It is based on research introduced in the following papers:
> Bryan Ford, [Parsing expression grammars: a recognition-based syntactic foundation](https://doi.org/10.1145/982962.964011), Proceedings of the 31st ACM SIGPLAN-SIGACT symposium on Principles of Programming Languages, p.111-122, January 2004
> Sérgio Medeiros et. al, [A parsing machine for PEGs](https://doi.org/10.1145/1408681.1408683), Proceedings of the 2008 symposium on Dynamic Languages, p.1-12, July 2008
> Kota Mizushima et. al, [Packrat parsers can handle practical grammars in mostly constant space](https://doi.org/10.1145/1806672.1806679), Proceedings of the 9th ACM SIGPLAN-SIGSOFT workshop on Program analysis for software tools and engineering, p.29-36, June 2010
> Sérgio Medeiros et. al, [Left recursion in Parsing Expression Grammars](https://doi.org/10.1016/j.scico.2014.01.013), Science of Computer Programming, v.96 n.P2, p.177-190, December 2014
> Leonardo Reis et. al, [The formalization and implementation of Adaptable Parsing Expression Grammars](https://doi.org/10.1016/j.scico.2014.02.020), Science of Computer Programming, v.96 n.P2, p.191-210, December 2014
> Tetsuro Matsumura, Kimio Kuramitsu, [A Declarative Extension of Parsing Expression Grammars for Recognizing Most Programming Languages](https://doi.org/10.2197/ipsjjip.24.256), Journal of Information Processing, v.24 i.2, p.256-264, November 2015
> Sérgio Medeiros et. al, [A parsing machine for parsing expression grammars with labeled failures](https://doi.org/10.1145/2851613.2851750), Proceedings of the 31st Annual ACM symposium on Applied Computing, p.1960-1967, April 2016
Building
---
As a self-contained header-only library, lug itself does not require any build process.

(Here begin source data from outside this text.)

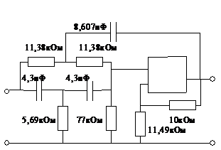 = 8,607 нФ, С2 = 0 нФ, С3 = 4,3 нФ, R1 = R2 = 11,38 кОм, R3 =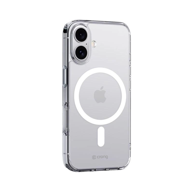 Przezroczyste etui ochronne do iPhonea 16 z wbudowanym magnesem do ładowarki i akcesoriów MagSafe. Ukryty w hybrydowej powłoce pierścień magnetyczny (składający się z 39 mniejszych magnesów) sprawia, że ładowarka oraz pozostałe akcesoria MagSafe dopasowują się do telefonu za każdym razem w idealny sposób.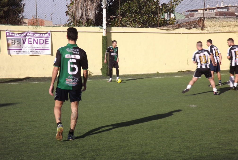 Go Go Bar 2 è senza i soli Loi e Arisci, mentre Sisal Pay rinuncia ad Ascenzi, Bolognesi, Uras, Pontis e Angioni, tra i pali gioca Tradori, con Olla giocatore di movimento. Pronti via e dopo circa un minuto e mezzo Go Go Bar 2 passa in vantaggio, Secci appoggia sulla destra per Ambu, questi taglia verso il centro vincendo un contrasto con Olla, la palla finisce a Frau che dalla sinistra, indisturbato, controlla e batte Tradori. Sisal Pay reagisce e prova a mettere in difficoltà i nero-verdi con improvvise sortite in velocità, ci prova Olla sulla sinistra ma il palo esterno e Cappai gli dicono no. Go Go Bar 2 tiene sempre elevata la pressione, giocando spesso di prima con scambi e azioni specie sugli esterni, dove agiscono Secci sulla sinistra e Ambu sulla destra. Frau va vicino al 2-0, prima colpendo un palo con una percussione sulla fascia sinistra, e quindi imbattendosi nell’ottimo Tradori, sugli sviluppi di uno sciagurato retro-passaggio di Cortis, poi ancora Tradori salva su rasoterra di Boi da fuori area. Sisal Pay soffre e colleziona troppi errori sia dietro e sia davanti, la partita pare essere nettamente in mano a Go Go Bar, su lancio lungo di Boi, Ambu controlla in corsa tagliando verso destr ma la sua conclusione dal limite dell’area si stampa sul palo. A sorpresa, nella successiva azione sul fronte opposto, giunge il pari di Sisal Pay, Schirru scarica una violenta conclusione da fuori area, da destra, Cappai non trattiene, forse tradito da una strana traiettoria assunta dalla palla, Tocco irrompe e ribadisce in rete. Dura un nulla la parità perché Go Go Bar ritorna subito in vantaggio, grande azione personale di Secci che dalla destra si accentra e serve in diagonale verso sinistra Frau, abile nell’eludere il controllo degli spaesati difensori bianco-neri e pronto nel superare da posizione ravvicinata Tradori, poco reattivo. Botta e risposta, Sisal Pay trova il 2-2 un paio di minuti più tardi, Piras pennella una palla alta da metà campo, Tocco sfugge a Corongiu e batte con una mezza girata di sinistro dal limite dell’area Cappai, uscito in ritardo e apparso incerto, a metà strada. La partita tende a farsi più equilibrata, Sisal Pay dà segnali di crescita e pare prendere più iniziativa e campo, incisiva nel gioco di rimessa sull’asse Schirru-Tocco-Olla, ma soprattutto è più determinata e grintosa, Go Go Bar è opaca, quasi indolente, svogliata, la pressione è sterile e i ritmi restano bassi. Ma allo scadere dei primi venticinque minuti, i nero-verdi rimettono il muso avanti, da sinistra verso destra, in diagonale, Serra-Secci-Corongiu, diagonale di quest’ultimo dal limite dell’area, Tradori non trattiene e Serra è rapido nel ribadire in rete sotto porta, nonostante il disperato tentativo di salvataggio di Schirru.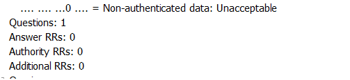 AA(authoritative answer)1位,如果响应数据报设定,说明响应是由域内权限域名服务器发出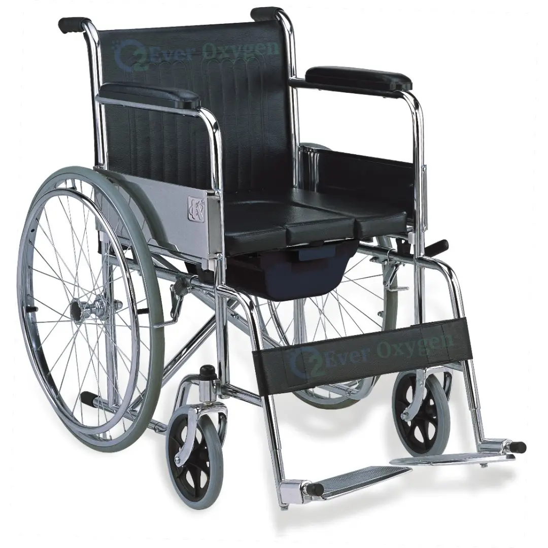 Commode wheelchair with slide-out tray price in Bangladesh starts from ৳11,500 at Ever Oxygen BD. Unlike the standard bucket-type commode wheelchair, this single seat model features a slide-out tray — the patient can use the toilet simply by pulling the tray forward, without standing or transferring to another chair.

To use lug, make sure to include the `lug` header directory in your project's include path.
Once that is done, you are ready to start using lug in your code.
To build the sample programs and unit tests both [CMake](https://cmake.org/) and [make](https://pubs.opengroup.org/onlinepubs/9699919799/utilities/make.html) are supported.
As a baseline, the following compiler versions are known to work with lug.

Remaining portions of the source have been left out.